In consequence, the value of CD26 staining has only been demonstrated in situations where SS is already easy to diagnose by other methods. Even so, it could prove valuable. The majority of patients with SS have the small-cell variant and these cells can be difficult to distinguish on routine blood smears from reactive lymphocytes. Indeed, many haematology departments do not even offer Sézary cell counts because of uncertainty about the reproducibility of morphological examination alone.

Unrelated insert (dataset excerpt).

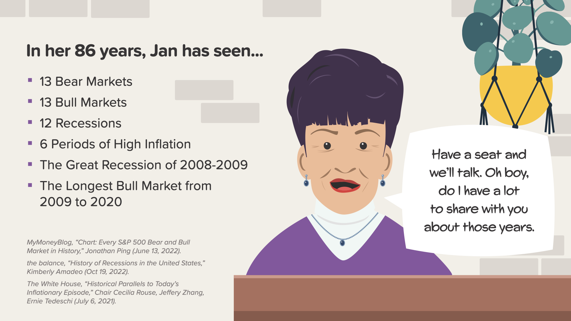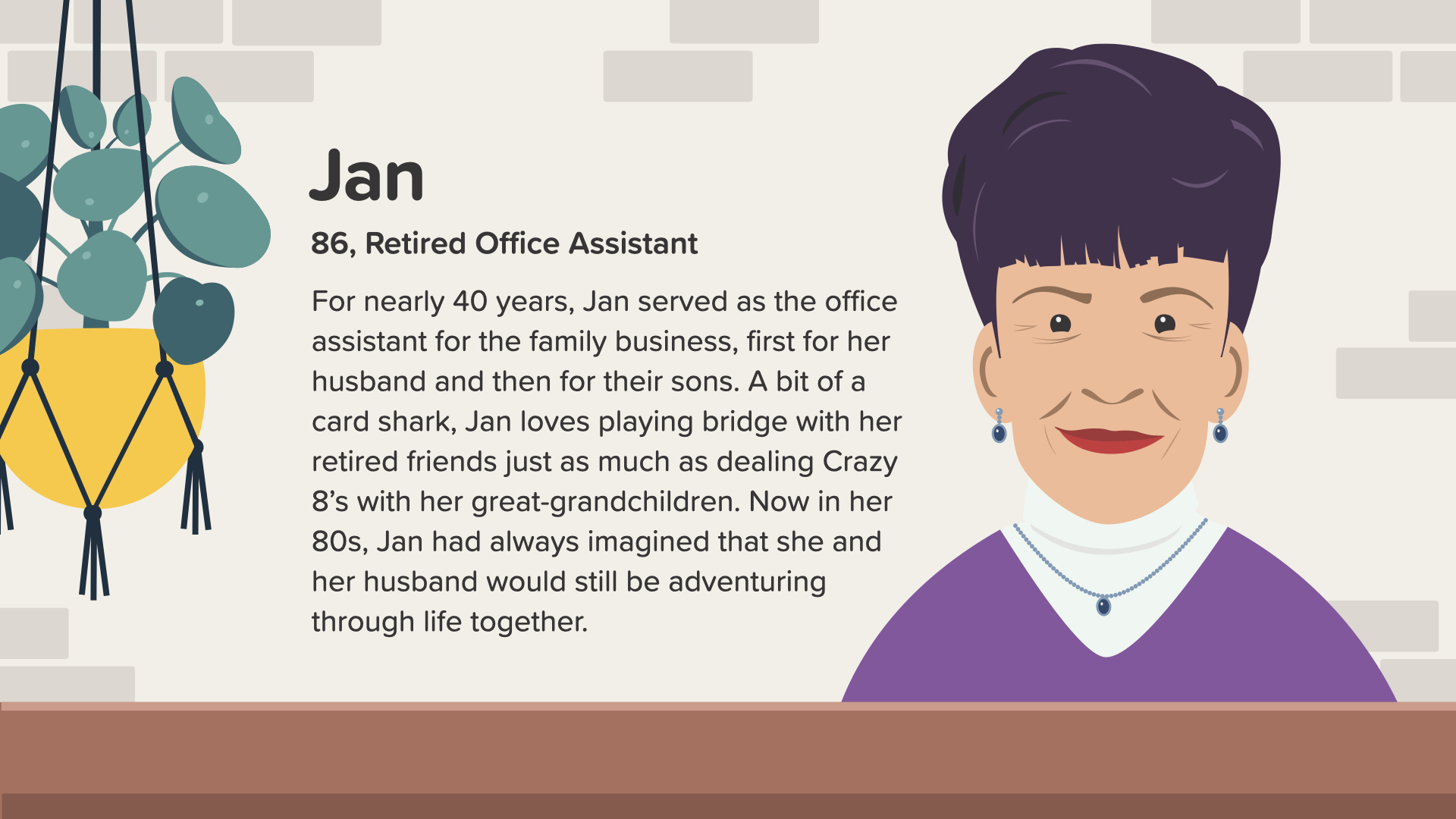 Jan is our last character in the book. She’s 86 and was a stay-at-home mom until her kids were in school. She then worked as an assistant for her husband and her sons after her husband retired. Jan was an equal participant in the family’s decision-making about money and always asked her questions. For Jan, her concerns are for the future generations of women in her family.

TCR gene analysis of peripheral blood goes some way to resolving this dilemma. Thus, in patients with MF we have shown that PCR positivity in blood is an independent prognostic marker in patients with skin stages T1–T3.⁹

We have also shown that TCR gene analysis will distinguish patients with Sézary syndrome from patients with reactive forms of erythroderma and circulating Sézary cells.⁵ However, gene analysis does not provide an accurate measure of high tumour burden as PCR-based techniques will detect a clonal population representing as low as 1% of peripheral blood lymphocytes, while Southern blot analysis has a detection sensitivity of around 5%.⁹ Bernengo’s paper offers the possibility of a more reproducible method of staging patients with higher levels of haematological involvement. In particular, patients with erythrodermic CTCL have recently been divided into five stages, designated H0 to H4 according to the haematological findings.¹⁰ H0 patients have no haematological involvement, while H1 patients are PCR-positive but exhibit less than 5% circulating Sézary cells. Essentially, H0 and H1 fulfil the diagnosis of erythrodermic mycosis fungoides. H2 patients are Southern blot-positive or PCR-positive with more than 5% circulating Sézary cells. H3 patients have more than 1000 Sézary cells mm⁻³ and H4 greater than 10 000 cells mm⁻³. These categories are known to carry prognostic significance in erythrodermic CTCL.^7,10 Employing this staging system in combination with the immunophenotypic method proposed by Bernengo could improve the reproducibility of the system and stage H2–H4 patients more accurately.

Further studies are needed to establish whether the ‘H’ system could be extended to all patients with MF. If so, it could provide a unifying system for accurately staging blood involvement in CTCL and avoid semantic arguments over terminology.